▶ [Your goal] Except for images, print the whole listing verbatim.

▶ [Data excerpts]

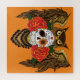 This bold sugar skull owl design blends Día de los Muertos symbolism with striking gothic style. A detailed brown owl with outstretched wings frames a decorative sugar skull adorned with colourful floral accents, a diamond motif, and vibrant red roses. Set against a rich orange background, this artwork captures a dramatic mix of wisdom, mystery, and romantic gothic beauty.
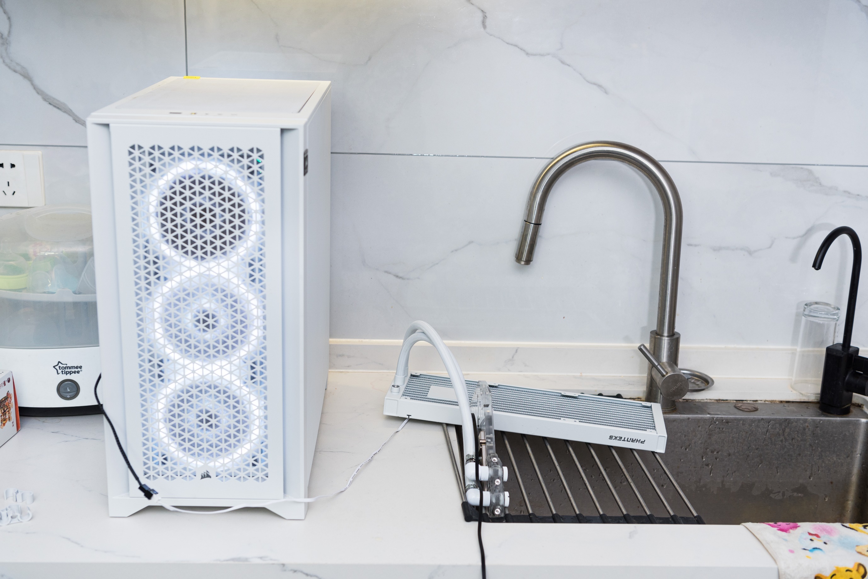 摇了一下冷排有水声,里面还有不少气泡,从注水口排不掉,搬二奶机过来上电运行测试了一下。
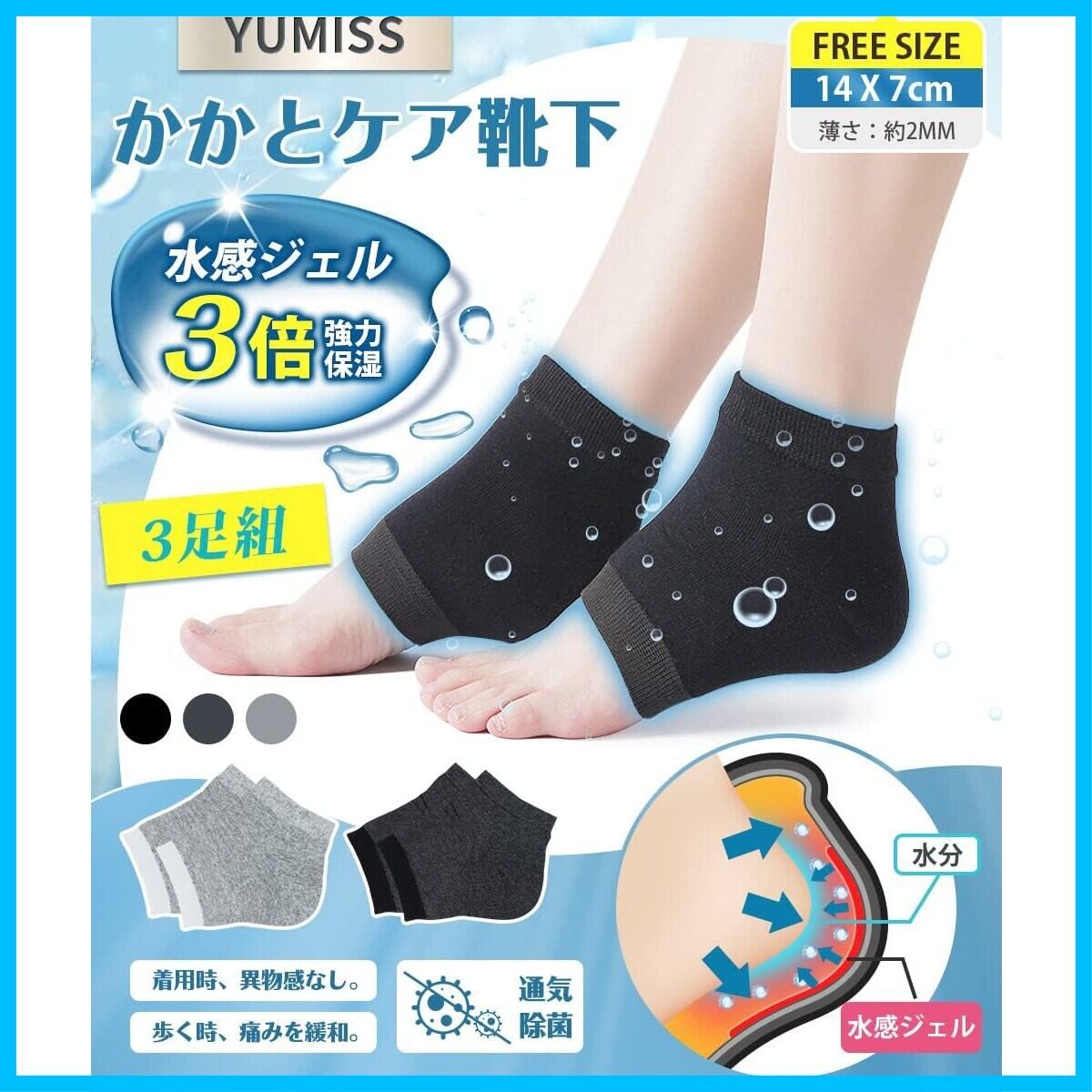 【歩く時の痛みを緩和、着用時の異物感なし】 YUMISSのかかとケア靴下はかかとの亀裂による歩くのが痛い方におすすめになります。歩行時のかかとへの衝撃を吸収し痛みを緩和することができます。シリカゲル保湿ジェルの厚さは0.8mmしかなく、生地は柔らかい。足に履いても何の負担も異物感もなし、着心地が良いです。
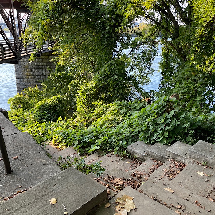 After we got back to the beginning of the bridge, we walked down the stone steps to the riverbank.
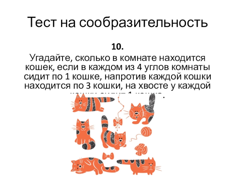 каждом из 4 углов комнаты сидит по 1 кошке, напротив каждой кошки находится по 3 кошки, на хвосте у каждой кошки сидит 1 кошка.
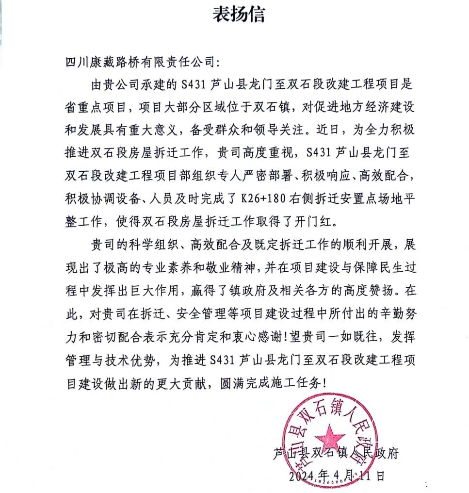 近日,雅安交建集團(tuán)四川康藏路橋有限責(zé)任公司收到來自蘆山縣雙石鎮(zhèn)人民政府的表揚(yáng)信。信中對S431蘆山縣龍門至雙石段改建工程項(xiàng)目部積極協(xié)調(diào)設(shè)備、人員配合當(dāng)?shù)卣瓿蒏26+180右側(cè)拆遷安置點(diǎn)場地平整工作,使得雙石段房屋拆遷工作取得了開門紅給予了高度評價(jià)和贊揚(yáng)。

▶ [Answer below]
 This bold sugar skull owl design blends Día de los Muertos symbolism with striking gothic style. A detailed brown owl with outstretched wings frames a decorative sugar skull adorned with colourful floral accents, a diamond motif, and vibrant red roses. Set against a rich orange background, this artwork captures a dramatic mix of wisdom, mystery, and romantic gothic beauty.
 摇了一下冷排有水声,里面还有不少气泡,从注水口排不掉,搬二奶机过来上电运行测试了一下。
 【歩く時の痛みを緩和、着用時の異物感なし】 YUMISSのかかとケア靴下はかかとの亀裂による歩くのが痛い方におすすめになります。歩行時のかかとへの衝撃を吸収し痛みを緩和することができます。シリカゲル保湿ジェルの厚さは0.8mmしかなく、生地は柔らかい。足に履いても何の負担も異物感もなし、着心地が良いです。
 After we got back to the beginning of the bridge, we walked down the stone steps to the riverbank.
 каждом из 4 углов комнаты сидит по 1 кошке, напротив каждой кошки находится по 3 кошки, на хвосте у каждой кошки сидит 1 кошка.
 近日,雅安交建集團(tuán)四川康藏路橋有限責(zé)任公司收到來自蘆山縣雙石鎮(zhèn)人民政府的表揚(yáng)信。信中對S431蘆山縣龍門至雙石段改建工程項(xiàng)目部積極協(xié)調(diào)設(shè)備、人員配合當(dāng)?shù)卣瓿蒏26+180右側(cè)拆遷安置點(diǎn)場地平整工作,使得雙石段房屋拆遷工作取得了開門紅給予了高度評價(jià)和贊揚(yáng)。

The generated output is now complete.